*Collected data*.
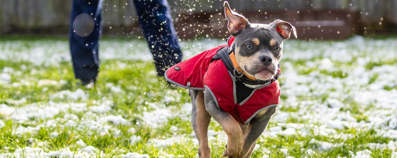 - Dogs with short coats — animals with shorter coats may be more likely to feel the effects of cold weather. Keep them cosy with a coat for walks, and a snuggly blanket in the home.
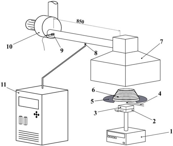 Scheme of the cone calorimeter with marked thermocouple position. 1: Load cell; 2: sample holder; 3: sample; 4: spark igniter; 5: radiation shield; 6: cone heater; 7: hood; 8: combustion products collection point; 9: thermocouple; 10: adjustable fan; 11: combustion products analyzer.
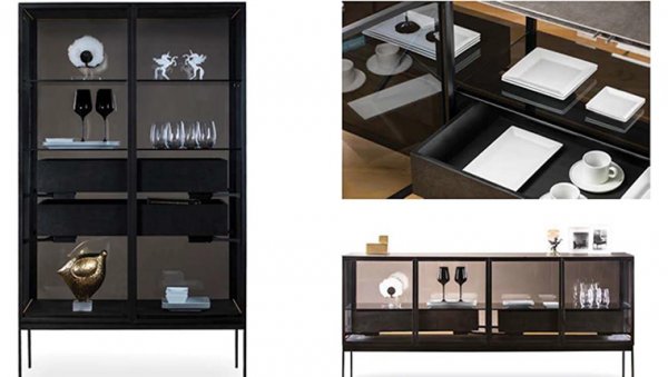 Cam ve metalin ustalıkla birleştiği bir mücevher kutusunu andıran seri, konsol ve büfeden oluşuyor. Zarif metal ayakların üzerinde yükselen büfesi bulunduğu mekâna değer katarken, çekmecelerinde kullanılan seramik, endüstriyel malzemelerin yaşam alanlarına nasıl uyum sağladığını gösteriyor.
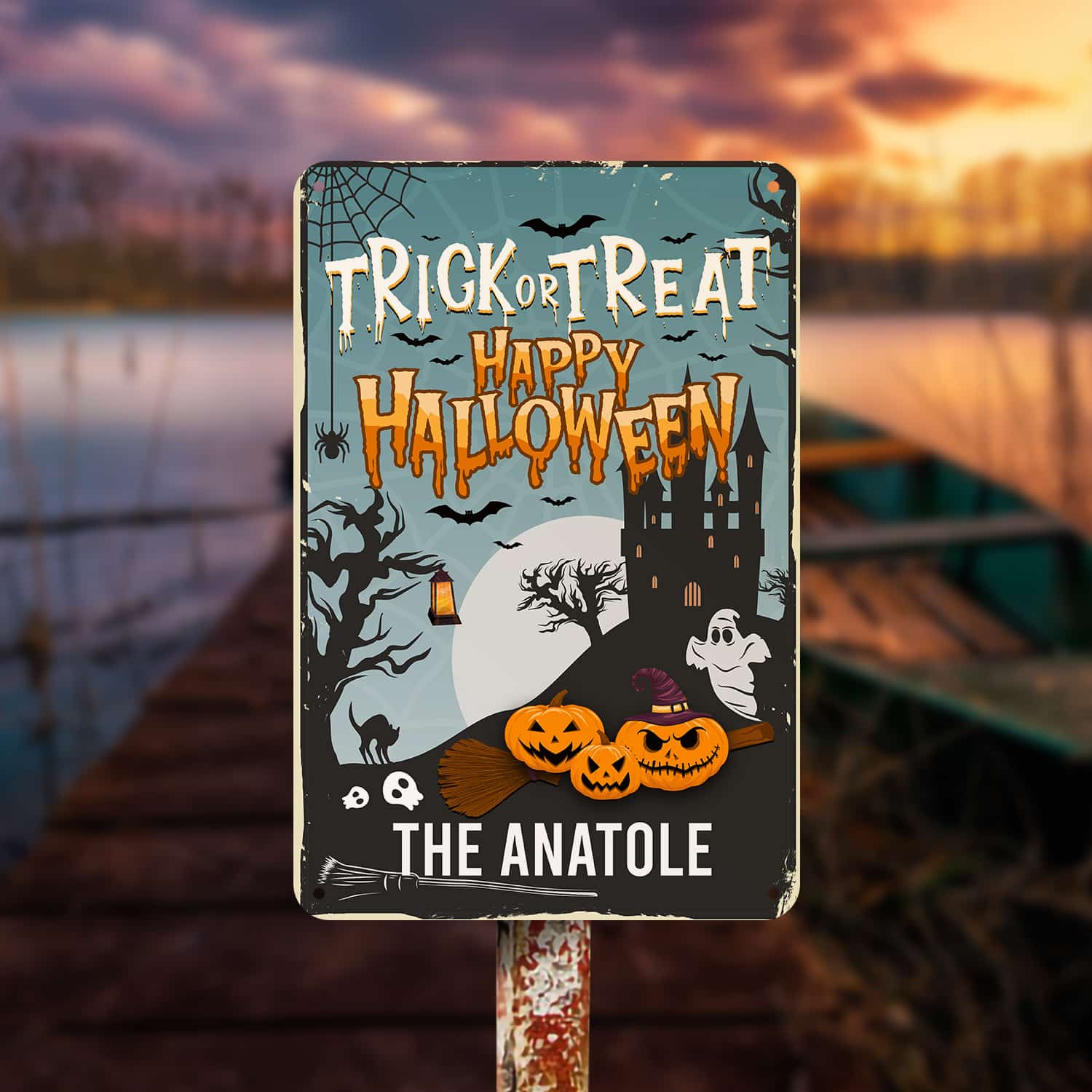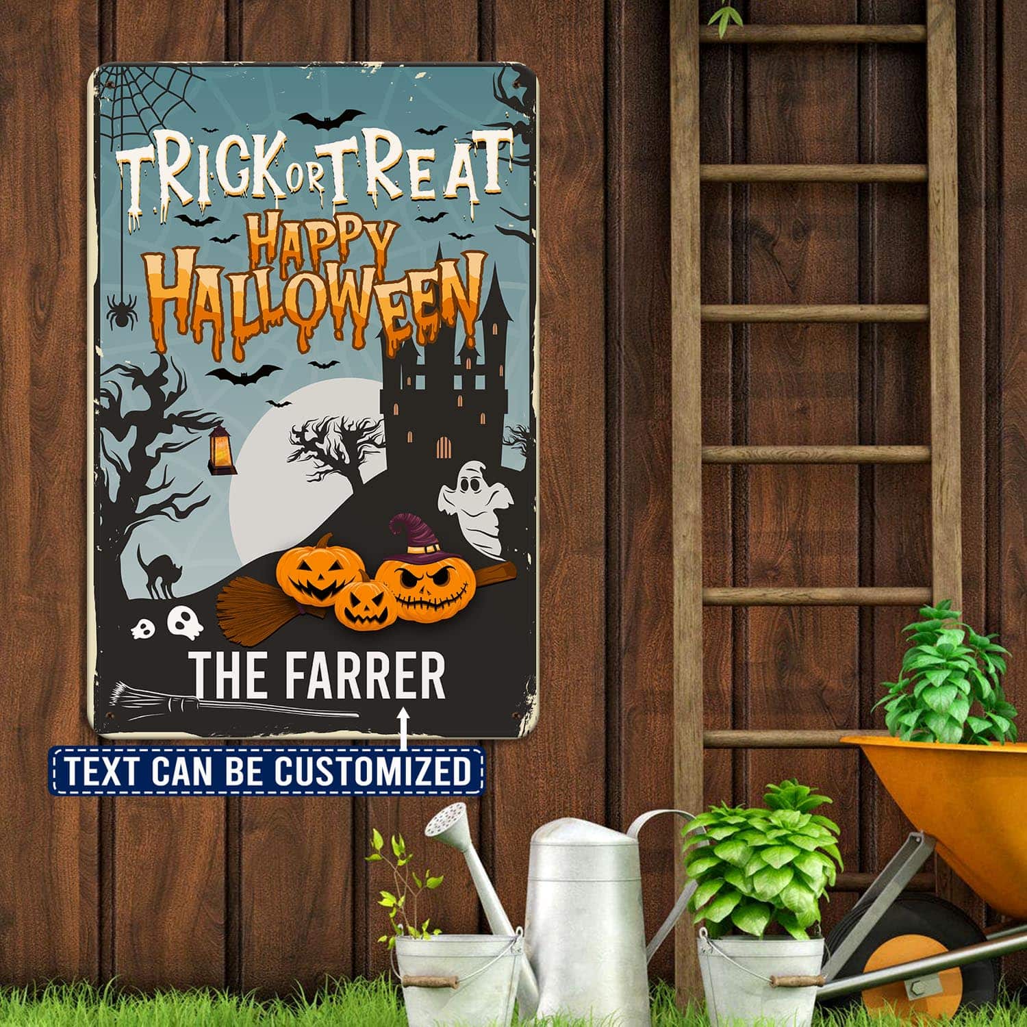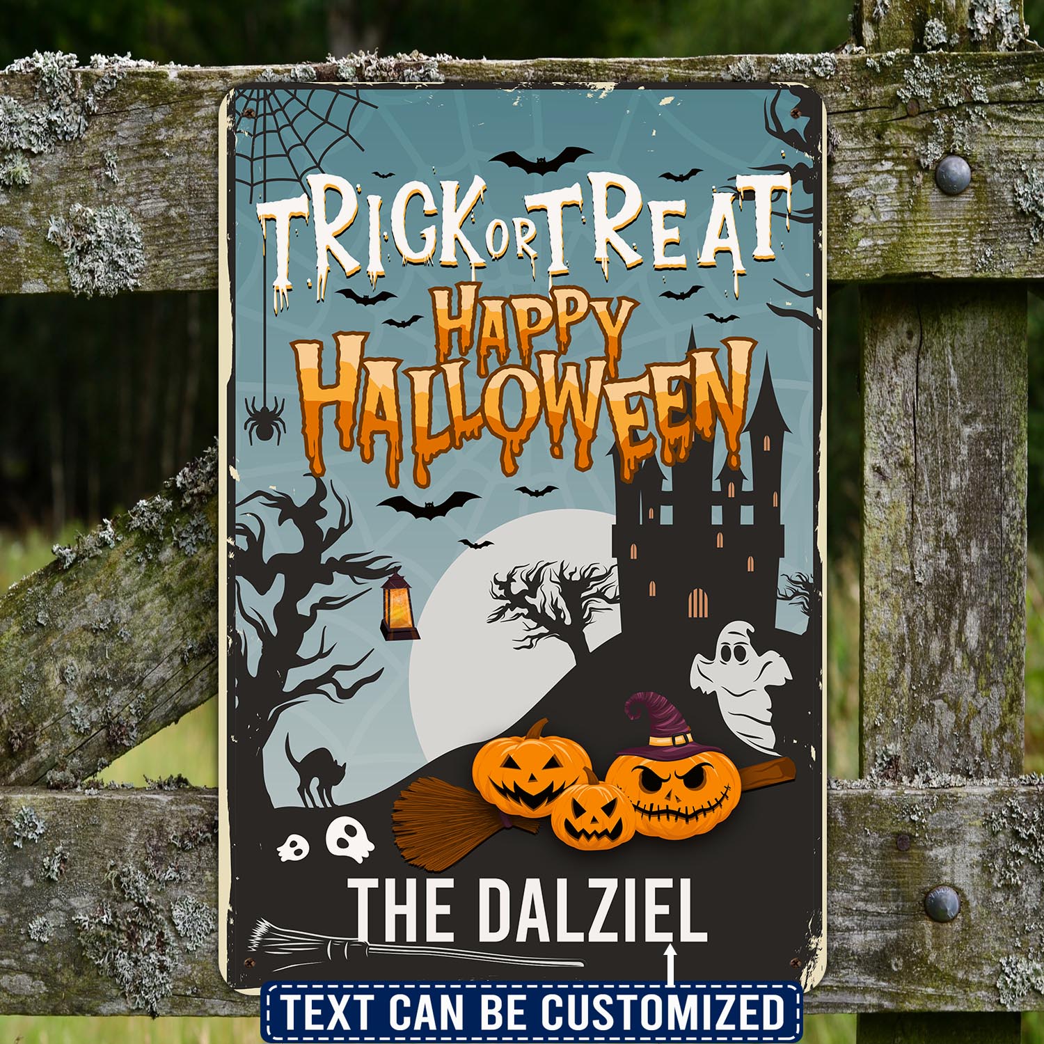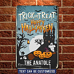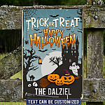 Let’s Shop Personalized Family Name Trick or Treat Happy Halloween Decorative Metal Sign – Halloween Decorations!

*Task brief*. Begin at the line containing "Scheme of the" and copy every line through the end of the data above exactly, omitting the pictures.

*Your solution*.
 Scheme of the cone calorimeter with marked thermocouple position. 1: Load cell; 2: sample holder; 3: sample; 4: spark igniter; 5: radiation shield; 6: cone heater; 7: hood; 8: combustion products collection point; 9: thermocouple; 10: adjustable fan; 11: combustion products analyzer.
 Cam ve metalin ustalıkla birleştiği bir mücevher kutusunu andıran seri, konsol ve büfeden oluşuyor. Zarif metal ayakların üzerinde yükselen büfesi bulunduğu mekâna değer katarken, çekmecelerinde kullanılan seramik, endüstriyel malzemelerin yaşam alanlarına nasıl uyum sağladığını gösteriyor.
 Let’s Shop Personalized Family Name Trick or Treat Happy Halloween Decorative Metal Sign – Halloween Decorations!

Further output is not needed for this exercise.